Alary conducted a prospective observational demonstration study regarding HIV prevention among FSWs in Benin. His study provided the required data about the key indicators such as uptake, retention and adherence, in context of early antiretroviral therapy and the pre-exposure prophylaxis (PrEP). The research outcomes indicated that early antiretroviral therapy was a better suited intervention in terms of retention and adherence indicators.

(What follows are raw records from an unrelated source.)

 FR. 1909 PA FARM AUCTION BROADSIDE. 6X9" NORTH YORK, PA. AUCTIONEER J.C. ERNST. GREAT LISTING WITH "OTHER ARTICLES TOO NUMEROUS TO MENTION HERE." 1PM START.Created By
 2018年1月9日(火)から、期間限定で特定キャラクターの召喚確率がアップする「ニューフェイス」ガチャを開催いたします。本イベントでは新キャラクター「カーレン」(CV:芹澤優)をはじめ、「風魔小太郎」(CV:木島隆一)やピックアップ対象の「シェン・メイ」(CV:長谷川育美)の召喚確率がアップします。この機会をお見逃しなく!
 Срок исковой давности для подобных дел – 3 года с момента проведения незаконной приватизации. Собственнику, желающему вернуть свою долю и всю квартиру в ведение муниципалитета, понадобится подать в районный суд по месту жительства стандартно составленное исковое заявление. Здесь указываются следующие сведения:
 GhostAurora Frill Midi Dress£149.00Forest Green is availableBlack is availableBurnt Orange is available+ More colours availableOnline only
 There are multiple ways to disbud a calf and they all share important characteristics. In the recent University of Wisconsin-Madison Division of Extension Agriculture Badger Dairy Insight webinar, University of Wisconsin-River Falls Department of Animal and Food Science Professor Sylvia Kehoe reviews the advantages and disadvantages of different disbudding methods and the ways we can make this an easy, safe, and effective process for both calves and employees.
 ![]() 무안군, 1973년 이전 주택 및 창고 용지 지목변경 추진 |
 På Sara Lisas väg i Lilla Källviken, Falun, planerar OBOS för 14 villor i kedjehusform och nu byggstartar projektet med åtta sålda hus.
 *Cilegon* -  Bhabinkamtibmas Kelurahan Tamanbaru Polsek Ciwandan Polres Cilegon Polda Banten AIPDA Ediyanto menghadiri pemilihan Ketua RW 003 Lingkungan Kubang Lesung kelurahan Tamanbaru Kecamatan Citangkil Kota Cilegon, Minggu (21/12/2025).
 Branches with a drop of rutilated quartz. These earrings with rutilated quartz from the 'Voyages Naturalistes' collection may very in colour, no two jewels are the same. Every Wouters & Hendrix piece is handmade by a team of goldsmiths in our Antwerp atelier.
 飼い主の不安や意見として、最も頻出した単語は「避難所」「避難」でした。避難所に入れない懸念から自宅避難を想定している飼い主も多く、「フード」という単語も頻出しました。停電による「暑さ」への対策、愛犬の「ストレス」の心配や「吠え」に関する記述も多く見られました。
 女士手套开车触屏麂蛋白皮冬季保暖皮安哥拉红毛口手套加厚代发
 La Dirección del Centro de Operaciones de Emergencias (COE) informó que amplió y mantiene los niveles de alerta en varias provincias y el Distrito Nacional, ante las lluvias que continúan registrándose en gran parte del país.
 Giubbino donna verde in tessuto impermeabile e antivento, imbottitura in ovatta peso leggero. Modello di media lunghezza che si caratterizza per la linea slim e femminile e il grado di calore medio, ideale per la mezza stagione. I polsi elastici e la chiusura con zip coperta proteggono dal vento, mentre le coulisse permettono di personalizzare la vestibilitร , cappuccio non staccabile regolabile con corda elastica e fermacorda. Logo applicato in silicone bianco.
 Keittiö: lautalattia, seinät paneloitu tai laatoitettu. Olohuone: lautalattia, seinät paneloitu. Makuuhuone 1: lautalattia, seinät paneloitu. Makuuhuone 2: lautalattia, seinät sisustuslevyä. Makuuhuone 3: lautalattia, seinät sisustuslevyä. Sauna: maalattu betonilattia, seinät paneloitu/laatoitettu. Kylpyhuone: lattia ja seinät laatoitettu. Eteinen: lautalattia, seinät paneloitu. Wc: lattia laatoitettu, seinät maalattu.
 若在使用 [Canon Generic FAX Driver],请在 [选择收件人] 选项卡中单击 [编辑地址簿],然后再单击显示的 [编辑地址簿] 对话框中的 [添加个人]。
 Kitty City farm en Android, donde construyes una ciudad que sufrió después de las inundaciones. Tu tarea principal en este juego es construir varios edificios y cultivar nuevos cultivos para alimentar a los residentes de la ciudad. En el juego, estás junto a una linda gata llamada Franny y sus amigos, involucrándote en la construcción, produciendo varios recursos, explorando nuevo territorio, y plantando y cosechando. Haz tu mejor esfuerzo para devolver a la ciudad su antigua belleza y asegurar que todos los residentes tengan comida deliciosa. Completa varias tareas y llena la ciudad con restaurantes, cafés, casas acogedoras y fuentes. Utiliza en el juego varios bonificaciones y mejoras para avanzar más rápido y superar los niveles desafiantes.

===Research regarding Avahan===
From 2004 until 2014, Alary was appointed as the principal investigator for the evaluation of Avahan; a project regarding the in depth study of nature and heterogeneity of HIV transmission in India. He conducted a systemic review and meta-analysis of the observational studies regarding the transmission risk of HIV-1 during heterosexual contact. According to Alary, there is a greater need to study of various differences and to quantify the infectivity in low-income countries. During his appointment for Avahan, Alary developed a new approach for the impact evaluation of HIV prevention programs outside the context of randomized trials. His proposed approach combined serial observational data and mathematical modelling along with the use of tailor-made transmission dynamics models and Bayesian framework. He explained the various components of the presented framework along with the pros and cons associated with it.

== Awards and honors ==
- 2008 – Mark Wainberg Lecturer Award, Canadian Association for HIV Research
- 2014 – Diamond Award for clinical research, CHU de Québec
- 2015 – Researcher Emeritus Award, Réseau de recherche en santé des populations du Québec
- 2016 – Nominated Fellow of Canadian Academy of Health Sciences.
- 2017 – Vic Neufeld Mentorship Award in Global Health Research, Canadian Coalition of Global Health Research
- 2019 – Trailblazer Award in Population and Public Health Research, Canadian Institutes of Health Research
- 2020 – Graduate emeritus award, Fondation de l'Université Laval

== Selected articles ==
- Laga M, Alary M, Nzila N, Manoka AT, Tuliza M, Behets F, Goeman J, St Louis M, Piot P. Condom promotion, sexually transmitted diseases treatment, and declining incidence of HIV-1 infection in female Zairian sex workers. Lancet 1994; 344:246–248.
- Van Damme L, Ramjee G, Alary M, Vuylsteke B, Chandeying V, Rees H, Sirivongrangson P, *Mukenge-Tshibaka L, Ettiègne-Traoré V, Uaheowitchai C, Karim SSA, Mâsse B, Perriëns J, Laga M, on behalf of the COL-1492 study group. Effectiveness of COL-1492, a nonoxynol-9 vaginal gel, on HIV-transmission among female sex workers. Lancet 2002;360:971-7.
- Van Damme L, Govinden R, Mirembe FM, *Guédou F, Solomon S, Becker ML, Pradeep BS, Krishnan AK, Alary M, Pande B, Ramjee G, Deese J, Crucitti T, Taylor D, for the CS study group. Lack of effectiveness of cellulose sulfate gel for the prevention of vaginal HIV transmission. N Engl J Med 2008; 359:463-72.
- Boily MC, Baggaley RF, Wang L, Masse B, White RG, Hayes RJ, Alary M. Heterosexual risk of HIV1 infection per sexual act: a systematic review and meta-analysis of observational studies. Lancet Infect Dis 2009;9:118–129.
- Mboup A, Béhanzin L, Guédou FA, Geraldo N, Goma-Matsétsé E, Giguère K, Aza-Gnandji M, Kessou L, Diallo M, Kêkê RK, Bachabi M, Dramane K, Geidelberg L, Cianci F, Lafrance C, Affolabi D, Diabaté S, Gagnon MP, Zannou DM, Gangbo F, Boily MC, Vickerman P, Alary M. Early antiretroviral therapy and daily pre-exposure prophylaxis for HIV prevention among female sex workers in Cotonou, Benin: a prospective observational demonstration study. J Int AIDS Soc 2018; 21:e25208.